I'm open to infix-latex
as well :) We don't need the "math" part.
I do have one question about delimiters and I'm completely open to the response. You probably noticed that I changed the inline delimiter for LaTeX that we pass to MathJax from $
to \(
. How do you feel about requiring inline expressions to be written as \((a^2)^3 = 1\)
instead of $(a^2)^3 = 1$
?
I'll mention the reason I made this change is two-fold. First, $
is a very typical character to find in content, almost always to mean US dollar. Second, \(
and \)
are more consistent with the block / display LaTeX delimiter of \[
and \]
.
I ask because the risk is that $
is so embedded in the LaTeX community that it could be unnatural to change now. However, this is also an opportunity to move forward. wdyt?
We can even toggle this attribute throughout the document so that you can do some parts with infix LaTex and some parts in the normal AsciiDoc way. I'd prefer to make the author always define this attribute, even when using Asciidoctor LaTeX. It's an important semantic piece of information that tells a tool how to process the document (for instance, the Atom editor). Without this information, the processor just don't know what the author intends.
Will atom be able to detect these changes to process the document?
About the attribute name:
:parse-mode: asciidoc|latex
Or perhaps:
:parse-mode: asciidoc+latex
or even
:parse-flags: +latex
Will atom be able to detect these changes to process the document?

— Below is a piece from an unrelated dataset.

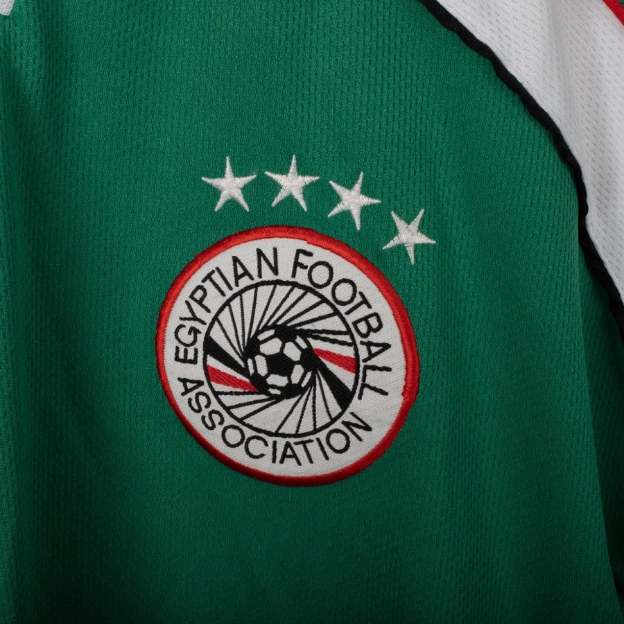 Official away shirt of the Egyptian national team from the 2003/2004 season, made by Puma. Crafted from breathable technical fabric, it features a green base with white, red, and black inserts along the shoulders and sides. The front displays the embroidered Puma logo and Egyptian FA crest, while the national flag is placed under the collar on the back. Size M, excellent condition. A rare find for collectors and fans of African football history.

One step at a time. Let's call it a goal. We'll get there.
(1)
I think that passing ( .. ) to MathJax is the right thing to do.

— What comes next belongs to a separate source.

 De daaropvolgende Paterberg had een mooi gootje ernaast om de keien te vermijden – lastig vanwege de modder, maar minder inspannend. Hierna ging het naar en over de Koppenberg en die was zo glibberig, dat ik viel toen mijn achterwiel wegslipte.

In Asciidoctor-LaTeX, the preprerpocessor already maps $ … $ to ( … ) as best it can (see the regexes below). If the backend is HTML, there is nothing further to do. If it is LaTeX, it maps ( … ) back to $ … $, since that is what most mathematicians expect.

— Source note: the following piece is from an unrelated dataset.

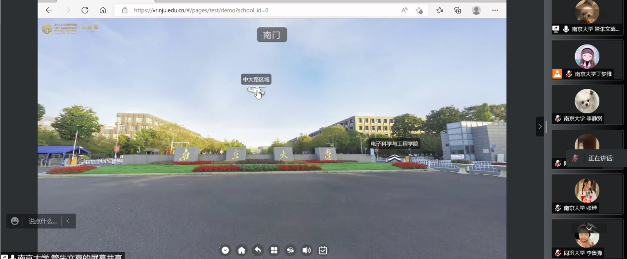 星”,丁梦雅同学的让大家品味到了浦苑情怀;漫步于大气雅致的苏州校区,我们跟随管朱文嘉同学一起感受到了江南韵味与“诚朴雄伟”的充分融合。百廿风雨,十纪辉煌,虽然受限于疫情,我们不能相聚线下校园,但是依然可以通过“VR游览”云端同游将南大的校园风光尽收眼底。

IMPORTANT: If you have suggestions on the regex’s, that would be great — there some sticky issues.
(2)
LaTeX accepts ( .. ) and [ .. ] as well as $ .. $ and $$ … $$. Mathematicians fall into three categories:
(a) Dinosaurs — use $ .. $ and $$ … $$ — still common, even in the younger set (b) Hybrids —use $ … $ and [ … ] — very common. I am among them (red face) (c) Moderns — use ( .. ) and [ … ]
Anyway, we should still pass ( .. ) to MathJax.
REGEX:
TEX_DOLLAR_RX = /\$(.*?)\$/
TEX_DOLLAR_SUB = '\\\(\1\\\)'
TEX_DOLLAR_SUB2 = '+\\\(\1\\\)+'
if line.include? '$'
line = line.gsub TEX_DOLLAR_RX, TEX_DOLLAR_SUB2
end
The plus signs in TEX_DOLLAR_SUB2
are there to mitigate bad substitutions
e.g.
\( (a^2)^3 = 1 \)
gets messed up because of the two ^’s.
I also have to protect the interior of \[ … \]
with the below
# protect math, e.g., (a^2)^3 from Asciidoc subsitutions:
if line =~ /^\\\[/
line = line.gsub /^\\\[/, '+\\['
end
if line =~ /^\\\]/
line = line.gsub /^\\\]/, '\\]+'
end
Jim
http://noteshare.io http://home.noteshareblog.io
On May 19, 2015, at 7:53 PM, Dan Allen [email protected] wrote:
I do have one question about delimiters and I'm completely open to the response. You probably noticed that I changed the inline delimiter for LaTeX that we pass to MathJax from $ to (. How do you feel about requiring inline expressions to be written as ((a^2)^3 = 1) instead of $(a^2)^3 = 1$?
I'll mention the reason I made this change is two-fold. First, $ is a very typical character to find in content, almost always to mean US dollar. Second, ( and ) are more consistent with the block / display LaTeX delimiter of [ and ].
I ask because the risk is that $ is so embedded in the LaTeX community that it could be unnatural to change now. However, this is also an opportunity to move forward. wdyt?
— Reply to this email directly or view it on GitHub.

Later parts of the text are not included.